▶ _Given information_
- - - - - - -

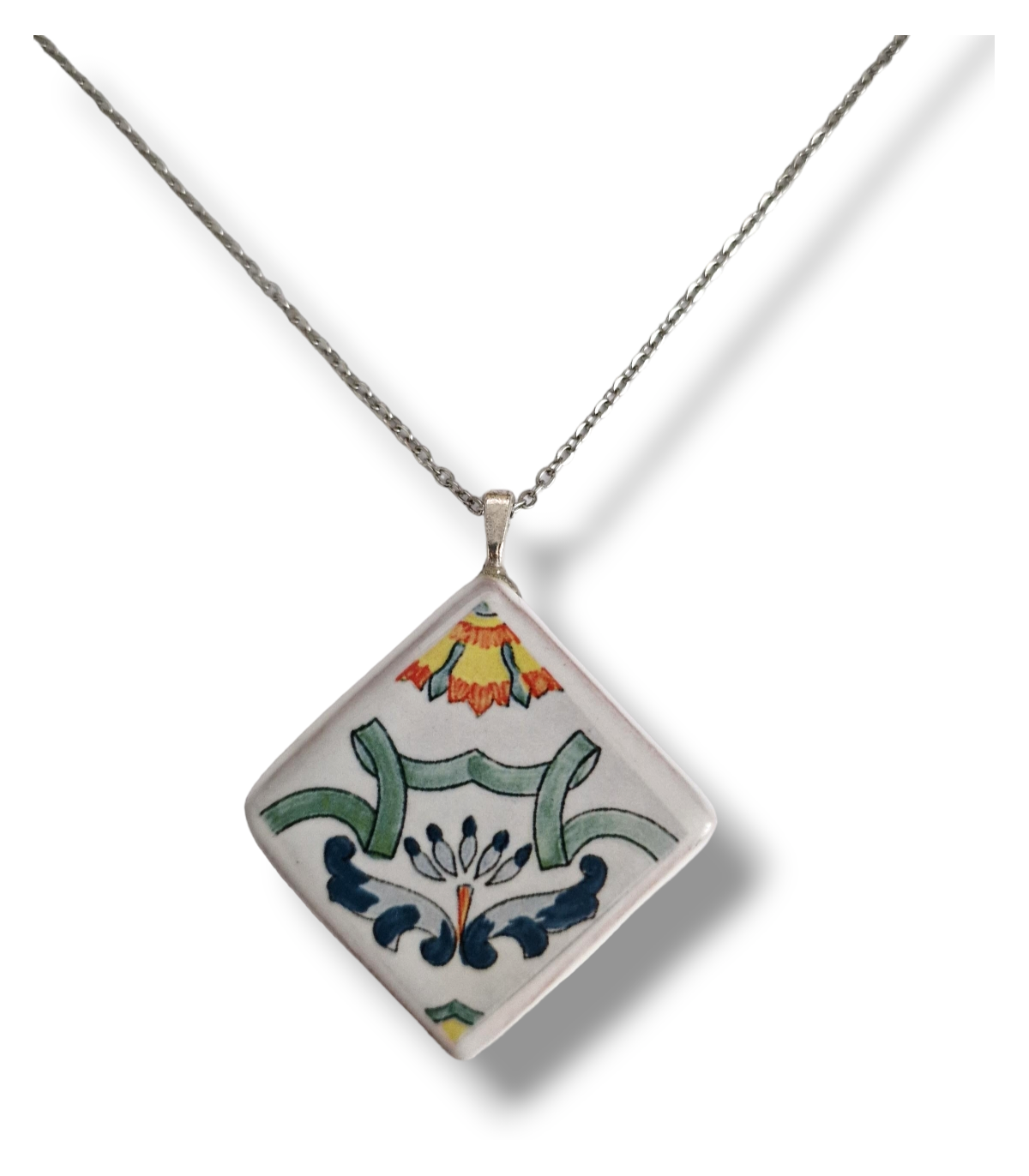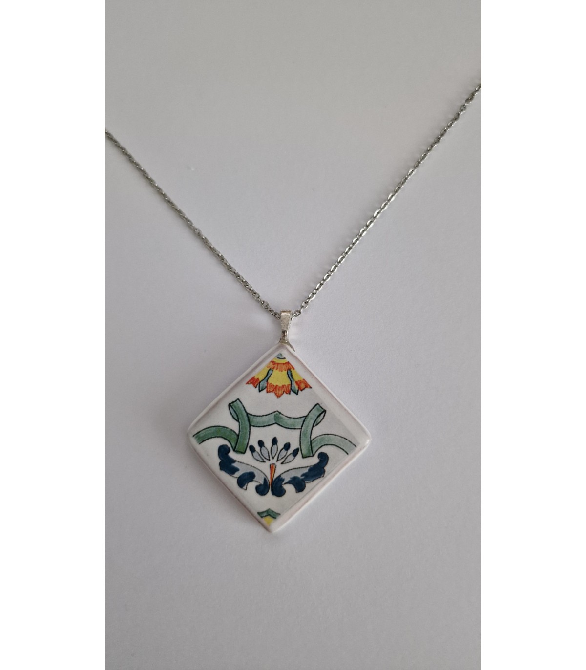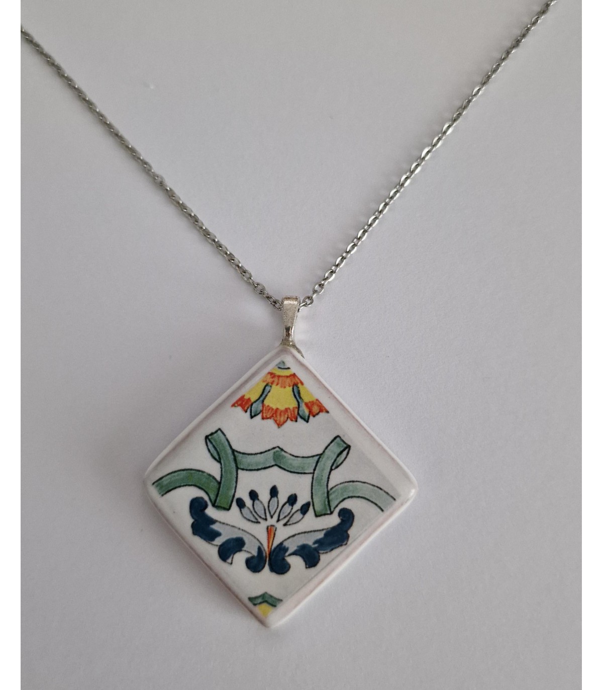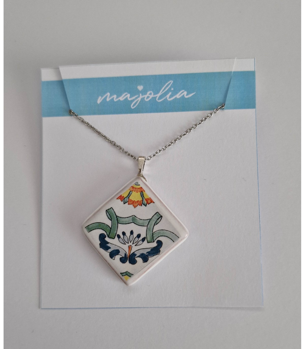 - Catenina morbida in acciaio inox con pendente in ceramica con motivo Maria Teresa (Positano), colore blu scuro, bianco, verde, arancio e giallo.
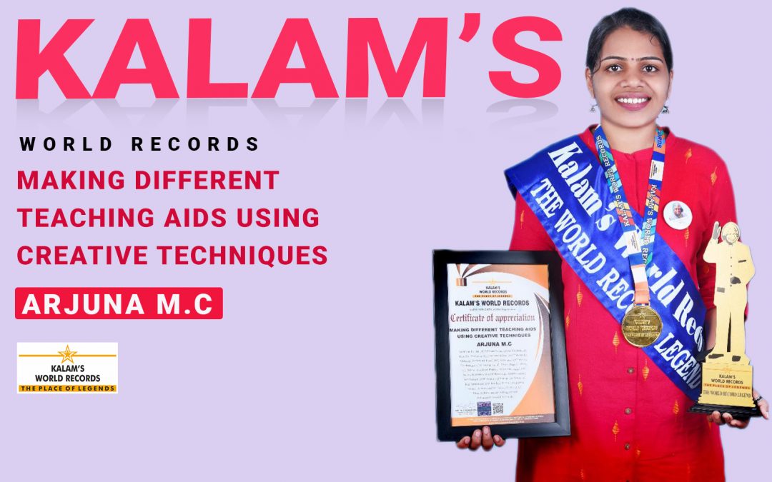 Born on 15-04-1995 from Perumanna, Kozhikode, Kerala, India is appreciated for her talent by making different teaching aids using creative techniques by using Sand, Dust, Paper, Stick, Ice stick, Carbon paper, Woolen, Eggshell. As we Kalam’s World Records appreciating her talent and honoring her in the stage of big applause and for her future stepping stone. Achievement Dated 11-01-2022. This achievement is registered in Kalam’s World Records.
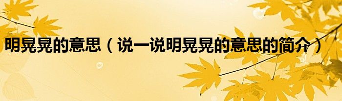 夏弥来为大家解答以下的问题,明晃晃的意思,说一说明晃晃的意思的简介,现在让我们一起来看看吧!

- - - - - - -

▶ _What to produce_
No pictures belong in the copy. Retype exactly, and only, the lines from the line containing "Born on 15-04-1995" through the last line of the data, both included.

▶ _Solution for this problem_
 Born on 15-04-1995 from Perumanna, Kozhikode, Kerala, India is appreciated for her talent by making different teaching aids using creative techniques by using Sand, Dust, Paper, Stick, Ice stick, Carbon paper, Woolen, Eggshell. As we Kalam’s World Records appreciating her talent and honoring her in the stage of big applause and for her future stepping stone. Achievement Dated 11-01-2022. This achievement is registered in Kalam’s World Records.
 夏弥来为大家解答以下的问题,明晃晃的意思,说一说明晃晃的意思的简介,现在让我们一起来看看吧!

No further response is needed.